За окном плыл знакомый пейзаж. Поезд замедлил ход и встал. Через мгновение заскрипело металлом – медленно, очень медленно покатился дальше, набирая ход.

– Сейчас туннель – и мы дома, – с тоской произнес Вовчик.

В довершение к сказанному состав вкатился в темноту. Все минуты в туннеле они молчали. В полуприкрытую дверь купе доносился звонкий голос проводницы:

– Скоренько постельки сдавайте. Кому билетики вернуть, подходите.

Ее стройный силуэт мелькал в просвете двери.

Выходили последними. Вовчик оторвался вперед. Он спрыгнул на перрон, воздел руки к небу:

– Здравствуй, свобода!

Матвей на полпути вернулся, вспомнил о забытой под матрасом книге.

Проходя мимо служебного купе, лицо в лицо столкнулся с проводницей.

– Друг твой шебутной, а ты мне понравился, – жеманничая, с загадкой в голосе произнесла она, – чувствую – не противна, можем встретиться?!

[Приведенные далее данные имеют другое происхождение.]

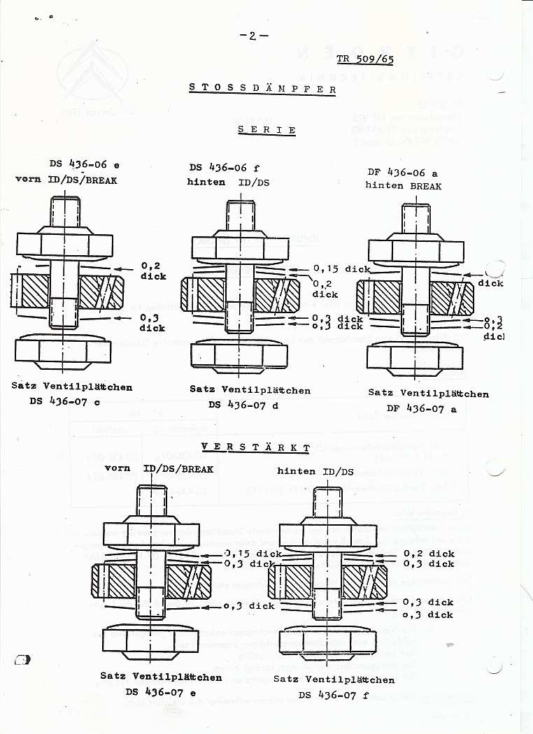 In der Technische Mitteilung TR 509/65 von Januar 1965 (siehe hier unten) sind zwei verschieden ausgelegte Dämpfer abgebildet, die normale, das ist DS 436-06e, und eine verstärkte Variante. Die Dämpfer die bis heute in der vordere Federkugeln meine DS eingebaut waren entsprechen die verstärkte Variante (ich habe die Dicke der Dämpferplättchen nachgemessen).

Матвей задержался, от прямого предложения потерял самообладание. В глазах ее и выражении лица отпечаталась неуклюжая решительность. Бросила фразой и тут же отвернулась. Матвею почему-то стало жаль ее. Он свободной рукой коснулся ее плеча.

– Давайте встретимся…

– Не шути так, я ведь серьезно. Крамского, 8, для сведения.

Глава 3

В гости они не попали – друзья продали домишко и срочно укатили к детям на Алтай.

– Вот незадача, – расстроился Василий Никанорович, – десять лет дозревал за нескончаемой суетой, знал Алексея как домоседа из домоседов, на мертвом якоре сидел. Нате вам, бабушка, Юрьев день. На том краю света, где он теперь, один выход – бестелесный, если Интернет освоит.

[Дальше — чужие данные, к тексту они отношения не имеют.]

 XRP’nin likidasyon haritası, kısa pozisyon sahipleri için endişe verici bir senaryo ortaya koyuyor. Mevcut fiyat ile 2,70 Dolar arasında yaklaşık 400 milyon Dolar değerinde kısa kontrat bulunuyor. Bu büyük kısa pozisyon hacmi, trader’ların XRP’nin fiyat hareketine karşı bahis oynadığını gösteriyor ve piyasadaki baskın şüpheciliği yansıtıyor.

К дому своему Василий Никанорович и Маргарита Ивановна подходили с затаенной грустью. Каждый представил так быстро вернувшийся устоявшийся однообразный быт. Четырнадцать дней санаторного лечения, без забот, в облизывании тебя доброжелательным персоналом и каждодневным воздействием датчиков медицинской аппаратуры, пролетели как один день.

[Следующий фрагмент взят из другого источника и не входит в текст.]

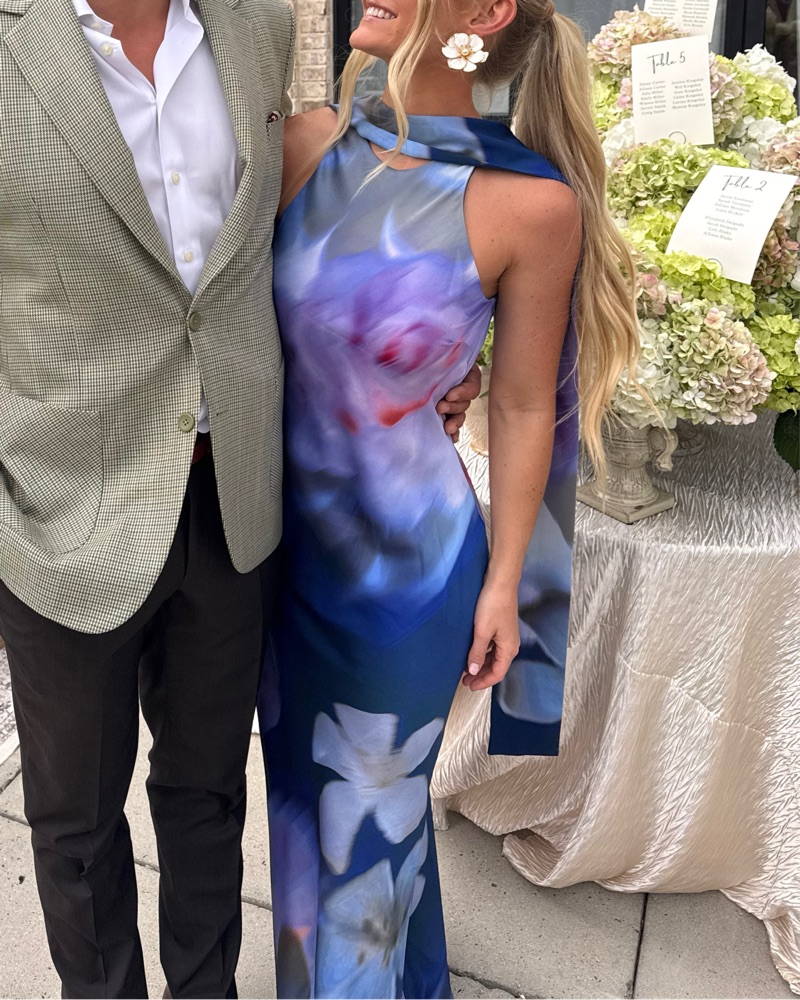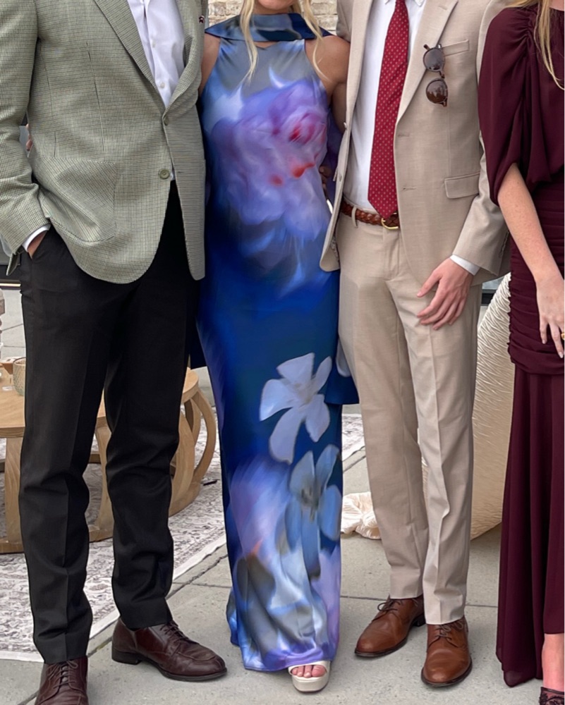 Blue/purple floor length scarf dress

– Мы дома, а ощущение раздвоенное. Приспустил веки, и ты еще там. Все кажется: сейчас постучатся в номер, попросят на ванны или еще куда на процедуры. Вокруг такая бурная, разнообразная по колориту жизнь. А пацаны-солдатики в поезде? Все у них будет – не случилось бы войны, – с ностальгическим оттенком произнес Василий Никанорович, присаживаясь на диван. – Садись, Маргуша, рядком – поговорим ладком.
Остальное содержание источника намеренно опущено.